With AnyDSL we now have a tool that for the first time allows us to address this challenge. Now we are investigating how the to design such a flexible rendering framework: What are the right abstractions to be used at the different levels? How do we best map them to HW platforms? Which algorithms work best in what context and how do we need to formulate them, so they can easily be combined? How do we determine the data layout to optimize for different algorithms using it? And so on.

Essentially, AnyDSL allows us to rethink the design of renderers in a fundamentally new way.

– In a GameStar interview you mentioned you were working on FPGAs. FPGAs are a quickly growing field for those who need to optimize hardware for specific use cases. GPU is by definition hardware optimized for CG, yet you work on FPGA hardware for ray tracing. Should we infer that according to you GPUs are not evolving in the right direction right now?

Yes, this interview took place in 2004 at the height of the ray tracing versus rasterization discussion after real-time ray tracing became widely available. At the time, David was defending rasterization strongly, but the situation has changed dramatically since then. By now, Nvidia has embraced ray tracing fully e.g. through Optix and the Mental-Ray products they acquired. They have also significantly optimized their HW for ray tracing (which I was fortunately enough to contribute to in 2007/08 as visiting professor on invitation from David).

Regarding FPGA: We actually published our FPGA design (the RPU architecture) at Siggraph 2005 and various other conferences. At the time it was the first full ray tracing HW architecture that included everything: intersection computations, scene traversal, fully programmable shading, construction of spatial index structures, and many more. We even did extensive evaluations of how it could be mapped to ASICs and the results where very promising.

This was later picked up by industry, including Samsung, Imagination, and others. Imagination now offers a HW ray tracing engine as an add-on to their GPU SOC designs. Most interestingly, they argue (convincingly!) that with the tremendous power cost of memory access, ray tracing will likely have significant advantages over rasterization on mobile platforms, particularly for advanced rendering effects. This is something we have thought about much already in 2005, but back then it was very difficult to get hard numbers on power efficiency of GPU designs for comparison — something Imagination does of course have.

Even more interesting has been research published at HPG 2014 this year, where some very innovative algorithmic changes were combined with rather small changes to a GPU architecture to achieve amazing ray tracing performance (in simulations).

These are very promising results and it will be very interesting to see how this field will develop over the next few years. It seems that ray tracing is very strong already (being partially used in many games already), but the best time for ray tracing may be still to come.

– For a software developer that would like to get into FPGAs, what is the kind of capabilities you need, and where do you draw the line to define what computations are going to be taken care of by hardware, and by software?

FPGAs are definitely a very interesting HW architecture because they are so flexible.
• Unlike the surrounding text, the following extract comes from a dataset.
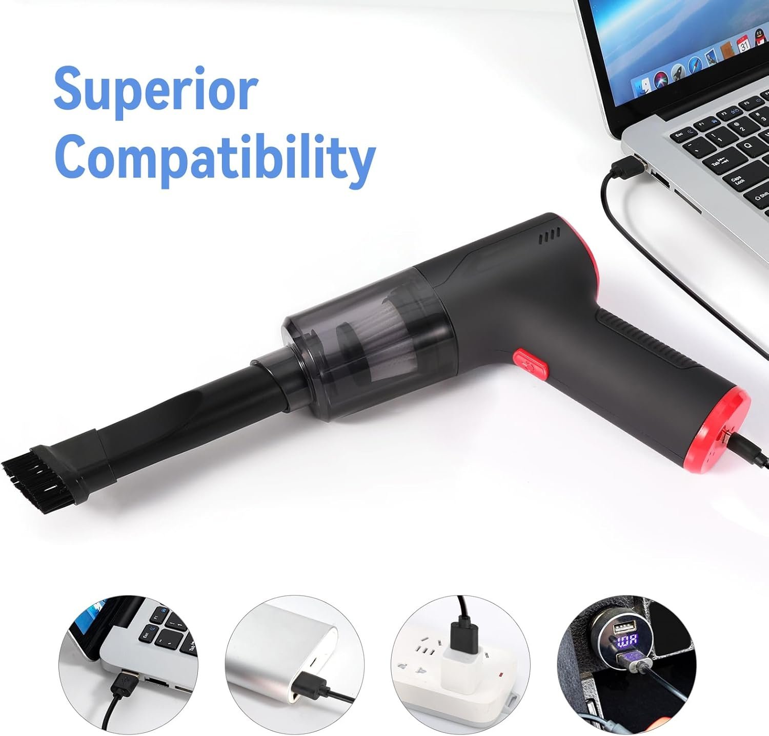 Wide Range of Applications: 6000 PA of super suction power can easily help you tackle hard-to-reach crevices and deep dust. This electric vacuum cleaner specializes in vacuuming the corners of your computer, keyboard, sofa or car seat
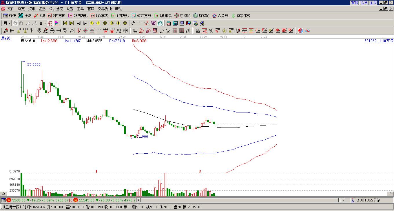 目前上海艾錄最高價(jià)10.06挑戰(zhàn)了贏家極反通道工具上方紅色外軌線,受到上方紅色外軌線強(qiáng)力壓制,最終收盤停留在在上方紅色外軌線與藍(lán)色外軌線上方的超強(qiáng)通道區(qū)域。上海艾錄近10個(gè)交易日漲幅17.39%。

But they also come with significant cost, in terms of low clock rate, limited floating point support, and also financial cost (for large designs). I am skeptical they will be able to provide the performance at the power envelope we are looking for today. But they are absolutely great for trying out new designs. With some of the latest ideas I would not be surprised to see some great new developments in this context.

– FPGAs are right now mostly in the R&D stage, and designing production-ready specific hardware is still a massive resources commitment. Are your prototypes viable for real case use, and do you think FPGAs and the needed knowledge can become commoditized?

We are definitely looking into that right now. For our RPU design in 2005, Sven Woop (then PhD student in my lab, today one of the researcher behind Embree) first designed a functional programming language for expressing HW designs at a high level (today we would say a Domain Specific Language, DSL). This allowed him to design the HW in an extremely efficient way: It took him about 6 months for a working prototype of the RPU — including the time it took him to design the DSL in the first place!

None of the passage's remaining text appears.